# [Task to complete]
From the first line to the last, repeat the data exactly but leave out the pictures.

# [Records from a data source]
● ● ●
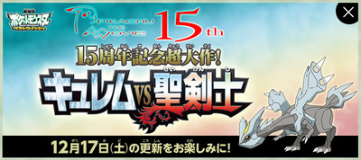 The official website for the Pokémon anime films revealed on Thursday that Gekijōban Pocket Monster Best Wishes! Kyurem Vs Seikenshi (Pokémon: Black & White the Movie - Kyurem Vs. the Sacred Sword Masters) will open in Japan next year. The website will have an update on December 17.
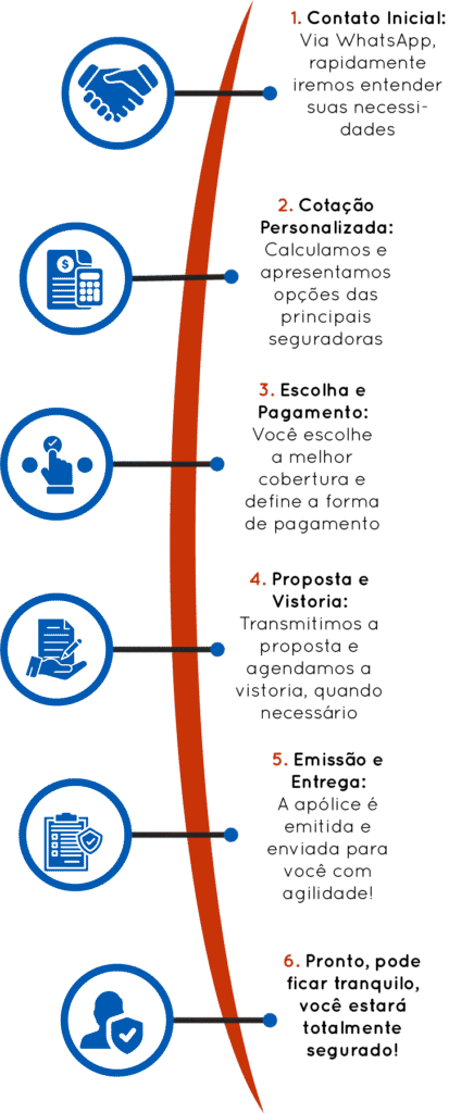 Após o contato inicial, solicitamos alguns dados essenciais, realizamos os cálculos e apresentamos as melhores opções de seguradoras para que você possa escolher a cobertura que melhor atende às suas necessidades.
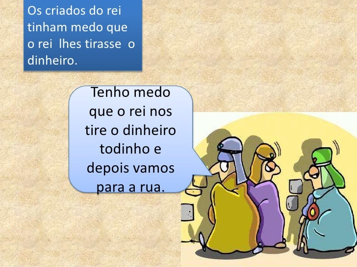 6. 6. Os criados do reitinham medo queo rei lhes tirasse odinheiro. Tenho medo que o rei nos tire o dinheiro todinho e depois vamos para a rua.
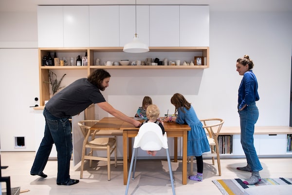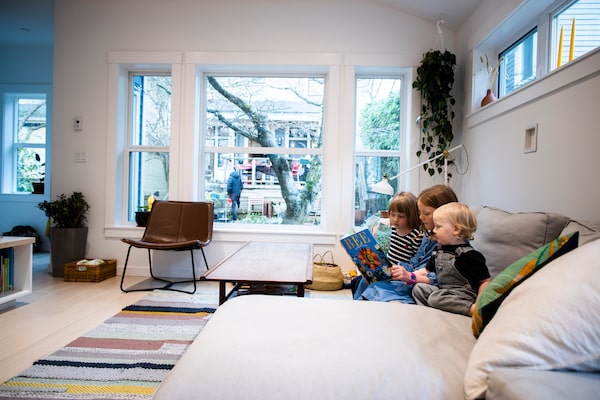 Brad Hutton and Ariel Ward spend time with their kids Kajsa, 7, right, Maeve, 4, left, and Marlo, 1, middle, inside their laneway house.Rafal Gerszak/The Globe and Mail
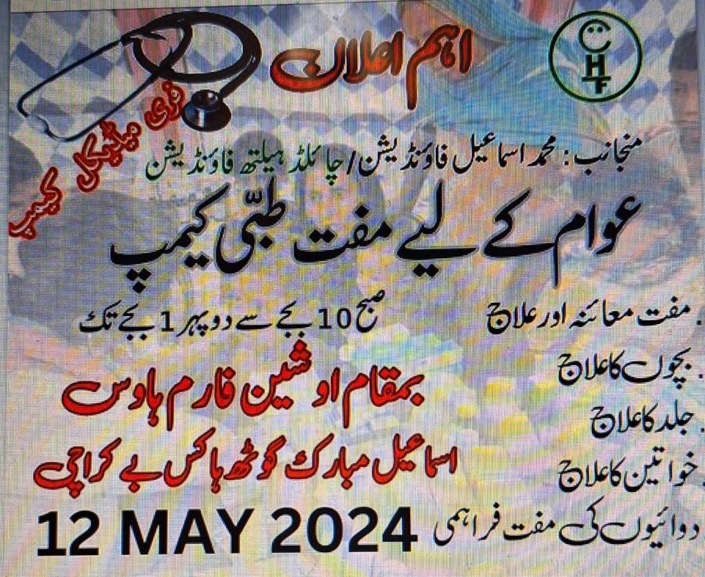 Another successful camp was arranged on May 12, 2024 between Child Health Foundation and Ismail Farid Foundation at Jamali Goth where more than 460 patients were seen and given free medications and consultation. Doctors and specialists including Neurophysicians attended.
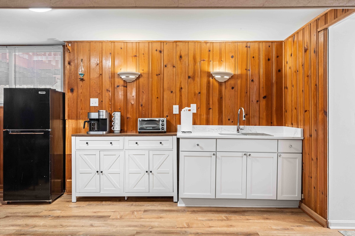 可愛的1200平方英尺地下室套房,配有私人後門,包括迷人的臥室、全套浴室、酒吧和冰箱/冰櫃、3張床( 1張雙人床、1張全尺寸沙發床、1張日式床墊)、共用洗衣房/烘乾機、共用露臺/後院。安全的郊區位置,靠近購物區和GMU。 大型平面智慧電視,可收看串流頻道和訂閱服務。1輛車的免費停車位。 共用後院,可欣賞放鬆的林木景觀(部分圍欄)。 寵物友善!
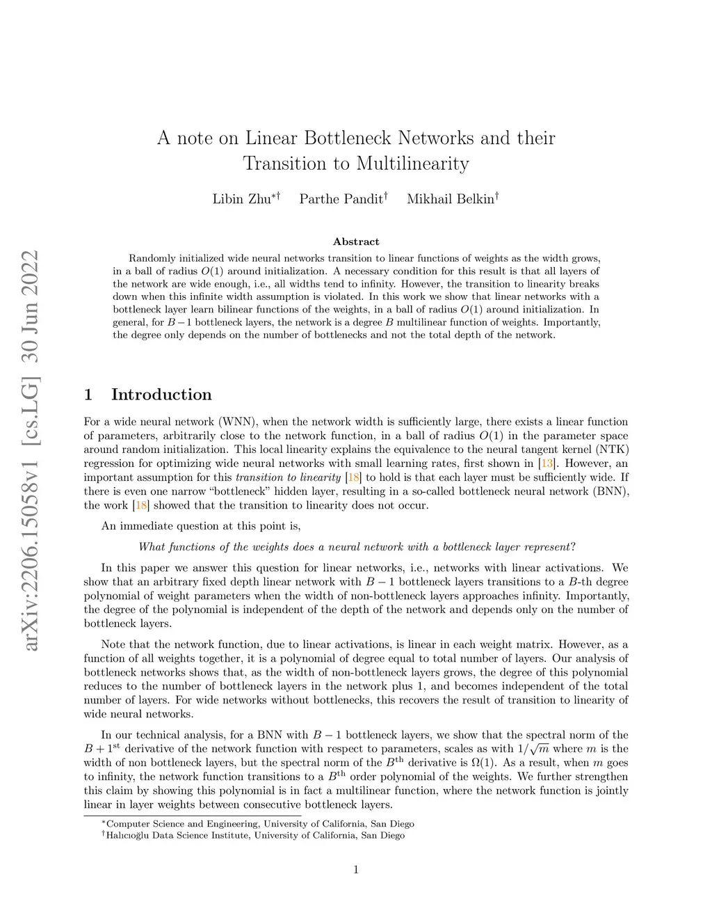 Randomly initialized wide neural networks transition to linear functions of weights as the width grows, in a ball of radius around initialization. A necessary condition for this result is that all layers of the network are wide enough, i.e., all widths tend to infinity. However, the transition to linearity breaks down when this infinite width assumption is violated. In this work we show that linear networks with a bottleneck layer learn bilinear functions of the weights, in a ball of radius around initialization. In general, for bottleneck layers, the network is a degree multilinear function of weights. Importantly, the degree only depends on the number of bottlenecks and not the total depth of the network.
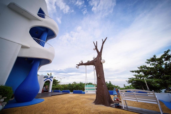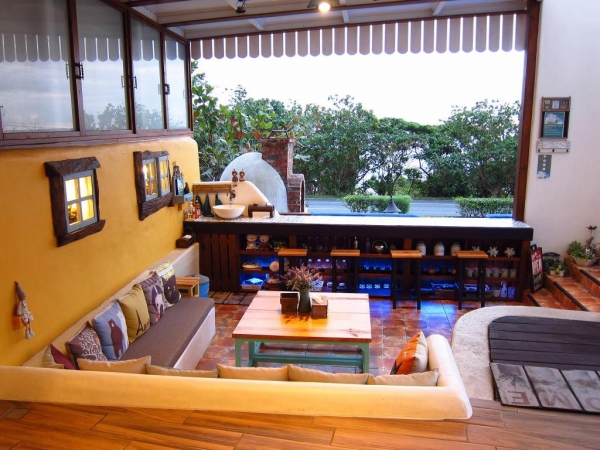 位在台11線上鹽寮海邊的一棟藍白色調特色民宿,雖為希臘風色調,卻是西班牙式的建築設計,吸睛程度爆表,外觀特殊到讓人以為來到異世界,是由一對來自台北的退休夫婦設立,原本打算給自己住,沒想到越來越多人來詢問,後來在2009年開放4間房型給旅客居住!
● ● ●
# [Exercise output]
 The official website for the Pokémon anime films revealed on Thursday that Gekijōban Pocket Monster Best Wishes! Kyurem Vs Seikenshi (Pokémon: Black & White the Movie - Kyurem Vs. the Sacred Sword Masters) will open in Japan next year. The website will have an update on December 17.
 Após o contato inicial, solicitamos alguns dados essenciais, realizamos os cálculos e apresentamos as melhores opções de seguradoras para que você possa escolher a cobertura que melhor atende às suas necessidades.
 6. 6. Os criados do reitinham medo queo rei lhes tirasse odinheiro. Tenho medo que o rei nos tire o dinheiro todinho e depois vamos para a rua.
 Brad Hutton and Ariel Ward spend time with their kids Kajsa, 7, right, Maeve, 4, left, and Marlo, 1, middle, inside their laneway house.Rafal Gerszak/The Globe and Mail
 Another successful camp was arranged on May 12, 2024 between Child Health Foundation and Ismail Farid Foundation at Jamali Goth where more than 460 patients were seen and given free medications and consultation. Doctors and specialists including Neurophysicians attended.
 可愛的1200平方英尺地下室套房,配有私人後門,包括迷人的臥室、全套浴室、酒吧和冰箱/冰櫃、3張床( 1張雙人床、1張全尺寸沙發床、1張日式床墊)、共用洗衣房/烘乾機、共用露臺/後院。安全的郊區位置,靠近購物區和GMU。 大型平面智慧電視,可收看串流頻道和訂閱服務。1輛車的免費停車位。 共用後院,可欣賞放鬆的林木景觀(部分圍欄)。 寵物友善!
 Randomly initialized wide neural networks transition to linear functions of weights as the width grows, in a ball of radius around initialization. A necessary condition for this result is that all layers of the network are wide enough, i.e., all widths tend to infinity. However, the transition to linearity breaks down when this infinite width assumption is violated. In this work we show that linear networks with a bottleneck layer learn bilinear functions of the weights, in a ball of radius around initialization. In general, for bottleneck layers, the network is a degree multilinear function of weights. Importantly, the degree only depends on the number of bottlenecks and not the total depth of the network.
 位在台11線上鹽寮海邊的一棟藍白色調特色民宿,雖為希臘風色調,卻是西班牙式的建築設計,吸睛程度爆表,外觀特殊到讓人以為來到異世界,是由一對來自台北的退休夫婦設立,原本打算給自己住,沒想到越來越多人來詢問,後來在2009年開放4間房型給旅客居住!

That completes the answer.